Fey(Haşir/6,7); ayetlerde geçen bu kavramı, İslam toplumunun iktisadi değerler sistemi içinde anlamaya çalışalım.

 Ayetlerde geçen “Fey”, geri getirmek ve şeklini değiştirmek anlamlarına gelir. İslam hukuk terminolojisinde fey, maddi değerler sistemi içinde mana verilmiş Kur’anî bir kavramdır. Ayetler, içerik bakımından İslami yönetimde, gayr-i müslimlerden alınan mali vergilerle bir mali denge sağlanmıştır.

Gayri müslimlerden alınan vergi çeşitlerinden “fey”; ayetin birinde savaş sonrasında, diğerinde savaş dışındaki durumu anlatır.

Gayri müslimlerden alınan malın beşte biri şeklinde yapılan paylaşım üzerinden Kapitalizm ve Sosyalizm ile İslam’ın mali sisteminin temel ilke ve prensiplerinin farkını anlamaya çalışacağız. Ve hangisinin insani olduğunu göreceğiz.

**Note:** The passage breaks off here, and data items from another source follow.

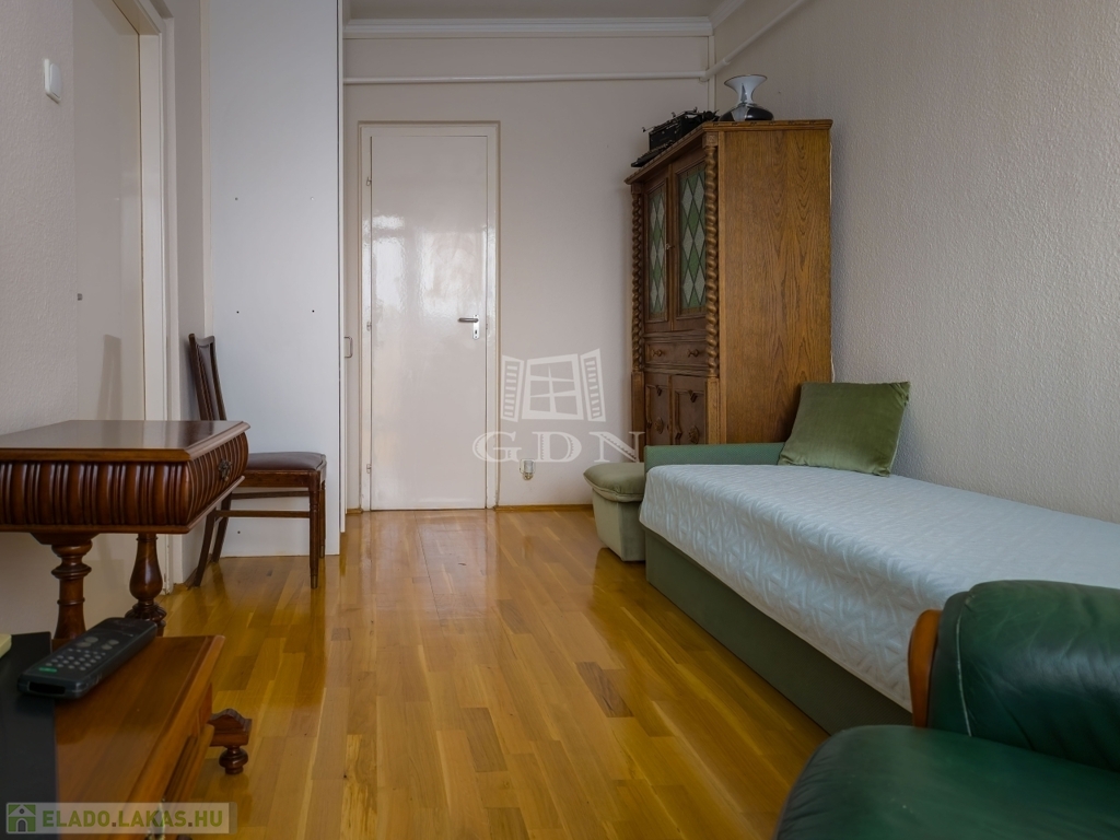 A lakás világos, csendes, és a magas emeletnek köszönhetően gyönyörű kilátás nyílik a budai hegyekre.
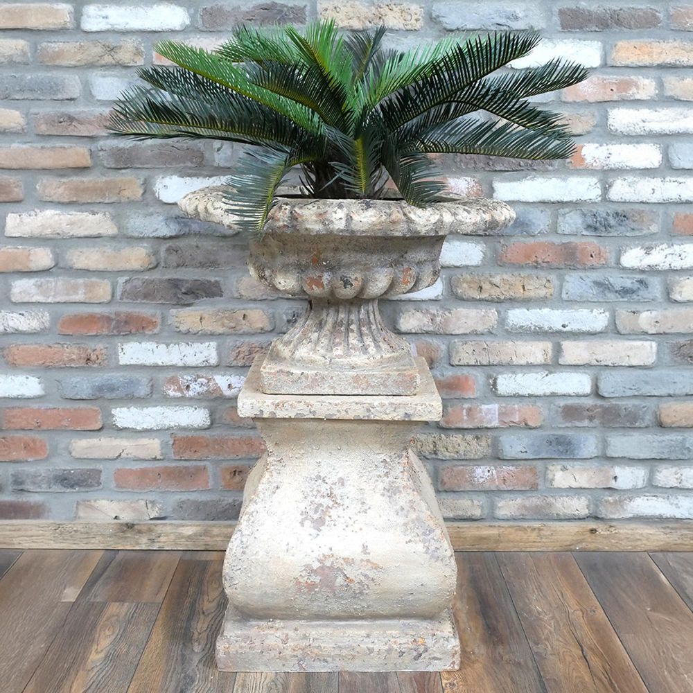 Garden Urn - Pedestal - Plant - Grey - Metal
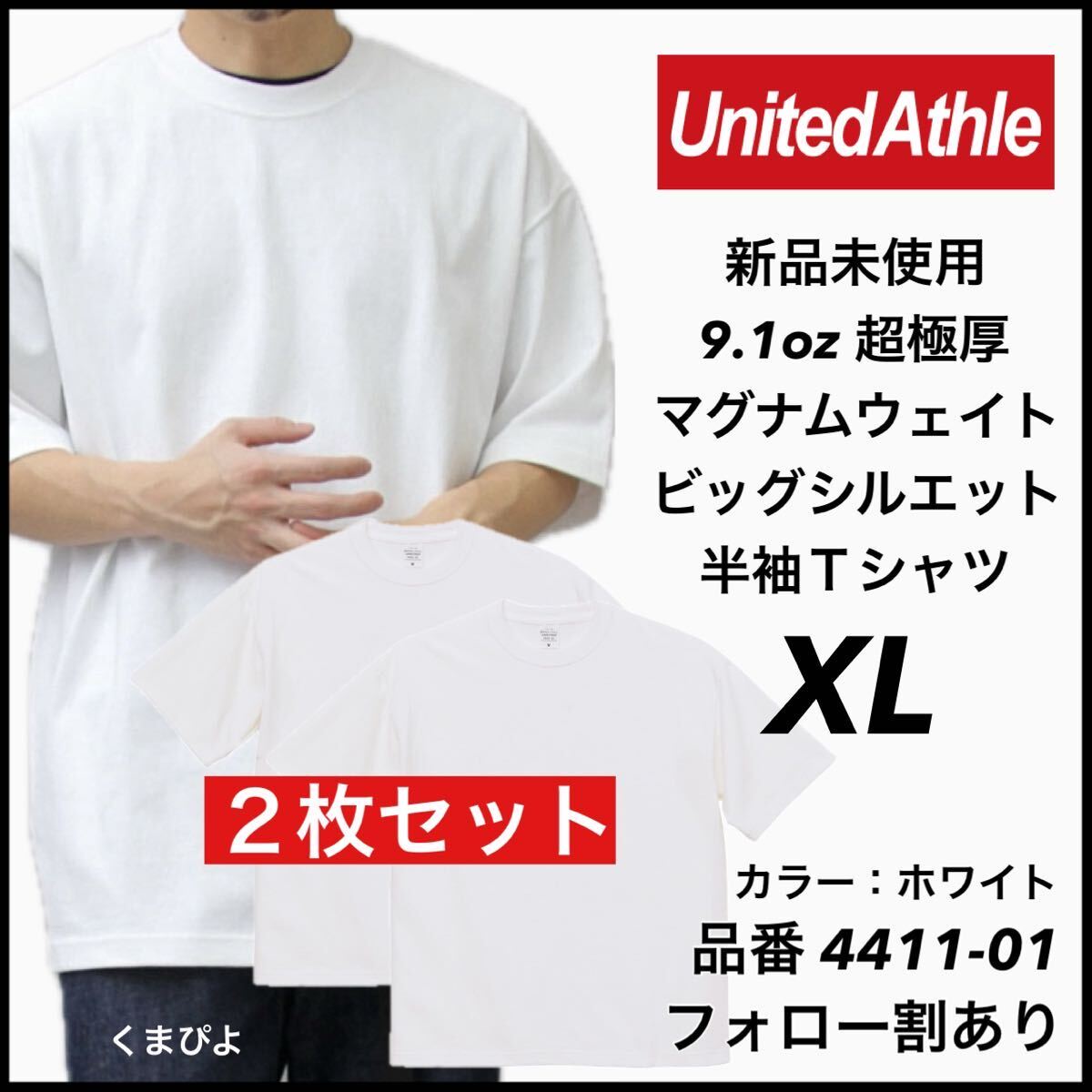 > 新品未使用 ユナイテッドアスレ 9.1oz 超極厚 マグナムウェイト ビッグシルエット 半袖Tシャツ 白 ホワイト XLサイズ 2枚 United Athle
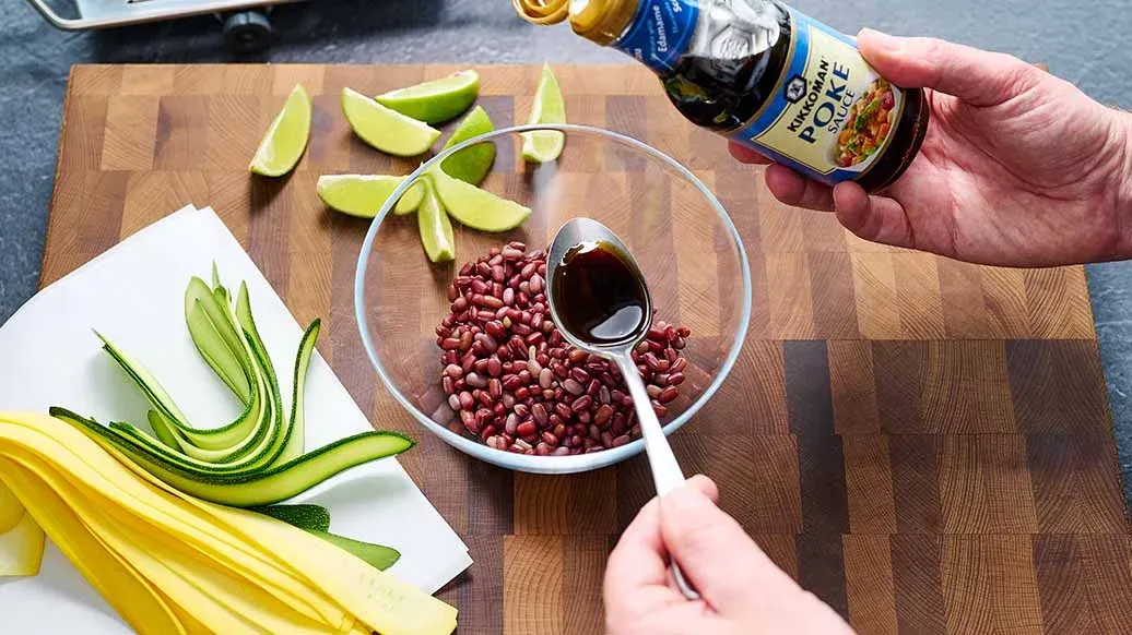 Skär zucchinin på längden i skivor eller strimlor. Marinera azukibönorna i Kikkoman-pokesåsen. Skär limen i åtta bitar.

Kapitalist ve Sosyalist mali anlayışta, topluma mali değerler üzerinden bir kıymet biçilir. İslam’da ise, mala insani değerler sistemi üzerinden kıymet verilir. Birinde mal diğerinde insan merkezli olmakla aralarında böyle temel bir ilkesel fark bulunmaktadır. İlk ikisinde sadece mal, insan ilişkisi noktasından değerlendirirken, İslam’da, insan ve mal olarak denge sağlayıcı üç nokta üzerinden bakılmaktadır.

İlk iki sistemde mali değerler üzerinden insan hayatına bir kıymet biçilmektedir. Kişinin elindeki mala sonsuz bir değer biçilmektedir. Bu her iki sistemde insan öncelikli olan değil, mali değerler sistemi hayata hükmeder. Sosyalizm’de mal o kadar kutsal ki, isteyen insan istediği kadar ona ulaşıp tasarrufta bulunamaz. Bu kutsala ancak toplumdaki insani değerlerin üstü olan devlet gibi bir aygıt ulaşabilir.

Kapitalist sistemde de kişinin elindeki mali güçle topluma tahakküm edilir. O malda sonsuz tasarruf hakkı verir. Kişinin tasarruf gücü elindeki malın çokluğuyla orantılıdır. Her iki sistemde de mal, kutsal ortak bir tanrıdır.

Her iki sistemde de mal gücü elinde bulunduran toplumun diğer fertlerine her türlü tahakküm hakkına sahip olabiliyor.

İslamî sistem ise, her şeyden önce malın asıl sahibinin Yüce Allah olduğu inancıyla her iki sistemden ruhen ayrı düşer. İslam temvil sisteminde malın asıl sahibi Yüce Allah olduğu halde mal edinmede Yüce Allah, Sosyalizm’de olduğu gibi mal ile kul arasına da girmez. Sadece kulu kontrol eder. Kulun mali seviyesi belli bir limite(nisaba) ulaşınca belli bir cüz’ünü şu veya bu sebeple muhtaç düşen komşusuna vermeyi emrederek toplum arasında bir dayanışma ve yardımlaşma ruhunu oluşturur.

Bu ruhu oluştururken ferdin mal edinme zevk ve şevkini de kırmaz. Kişinin havaic-i asliye denilen yıllık ihtiyacını aşıp belirlenen limite ulaşınca, ihtiyaç üstü maldan muhtaç komşusuna bir cüz’ünü verir.

Burada toplumsal sevgi oluşturulur. Komşusu açken zenginin tok yatmasını uygun görmeyerek, komşunun açlığında, hastalığında ve ölümünde malıyla yanında olmayı emreder. Diğer iki sistemde böyle bir dayanışma ruhunu bulmak mümkün değildir. Dolayısıyla “fey” denilen mali geliri dağıtırken eşitlik yerine adaleti esas almıştır. Beşte biri üzerinden bu denge sağlanmıştır.